Ronald looked at his cell phone, and fiddled through the list of blocked numbers. Collection agencies hounding him due to credit card debt, unpaid student loans from the OSAP institution, and of course, unwanted calls from the stalkers. As a bisexual man living in a world where a man can only be one hundred percent straight or one hundred percent gay, Ronald defies a lot of expectations, and by being open about his identity, he garnered a lot of haters and enemies.
Walking around Ottawa, in malls, restaurants, stores, schools and other public locales, Ronald was aware of others like himself. Men who made too much eye contact with him, and whom he guessed to be either bisexual or gay. Sometimes, those same men who were always on the prowl and checked him out walked by with their wives and girlfriends, seemingly leading straight lives.
Everyone in the bisexual male or gay male realms seemed to have two modes, straight mode during which they acted normal, and the other mode, during which they made that creepy, unwanted but very specific eye contact which could not be mistaken for anything else.

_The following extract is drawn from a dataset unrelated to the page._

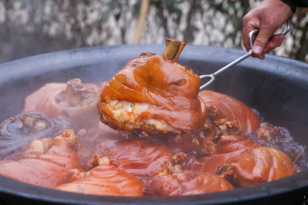 4个多小时的慢煨,柴火的热力从锅底一点点透进骨子里。蹄髈在酱色浓汤里咕嘟着,渐渐酥透,筷子探下去,不消用力,皮肉便顺从地分开,嚼来满口咸香回甘。
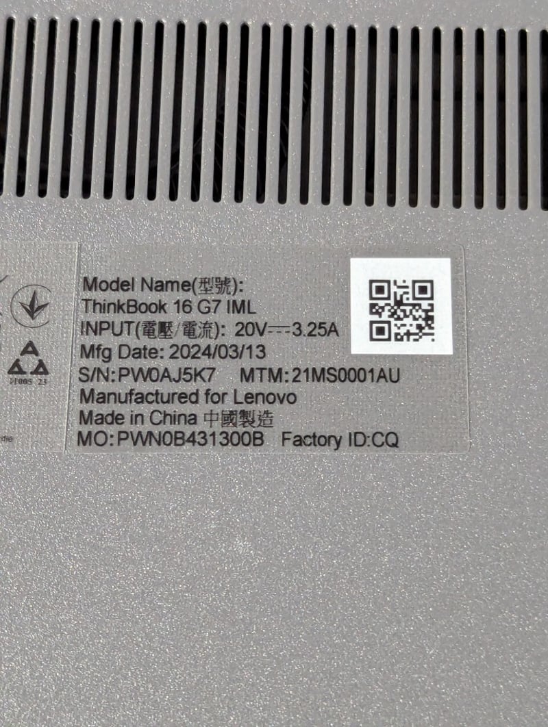 Laptop PC – Lenovo ThinkBook, 16” screen, 8Gb RAM, 256Gb SSD, S/N: PW0AJ5K7 Note: charger included

The other mode was often accompanied by shifts in voice, mannerisms and posture. Ronald found the whole thing eerie. Ronald could admit to himself and others that he checked out big-bottomed women and masculine men, but he had one voice, one set of mannerisms and one set of behavior. Ronald was the same guy at all times, unlike the others, who were two-faced at best. This made Ronald something of an anomaly in a community full of oddballs...
"I have a lot of gay male friends, real girly ones, but I can't date a bisexual man," said Ronald's long-time friend, or rather, acquaintance, the eternally demure Stephanie Antoine. The two of them were grabbing some Chinese food inside the Bayshore Mall food court, and Stephanie dropped that revelation out of the blue. Ronald looked at her, this chubby, dark-skinned young Haitian woman whom he'd known for almost a decade, and wondered what prompted her to say that.
"Duly noted," Ronald replied, as he took a bite out of his orange chicken, and Stephanie licked her lips, visibly uncomfortable with his reaction, or lack thereof. Ronald and Stephanie had known each other for some time, and they'd hung out a lot, and gotten to know each other's friends and families. They were not and would never become lovers. For this reason above all, Ronald found Stephanie's behavior puzzling. Seriously, what was her problem?
Stephanie had a lot of things to say to Ronald, following his revelation of his bisexuality on social media. Ronald's fondness for Tennis legend Serena Williams booty was legendary, but he was also fond of boxing icon Anthony Joshua, and couldn't decide between the two of them. Ronald was bisexual, and no longer intent on hiding it. In the Haitian culture Ronald stemmed from, this made him an exception with a capital E. Ronald is a unicorn, and the world doesn't know what to make of real-life unicorns.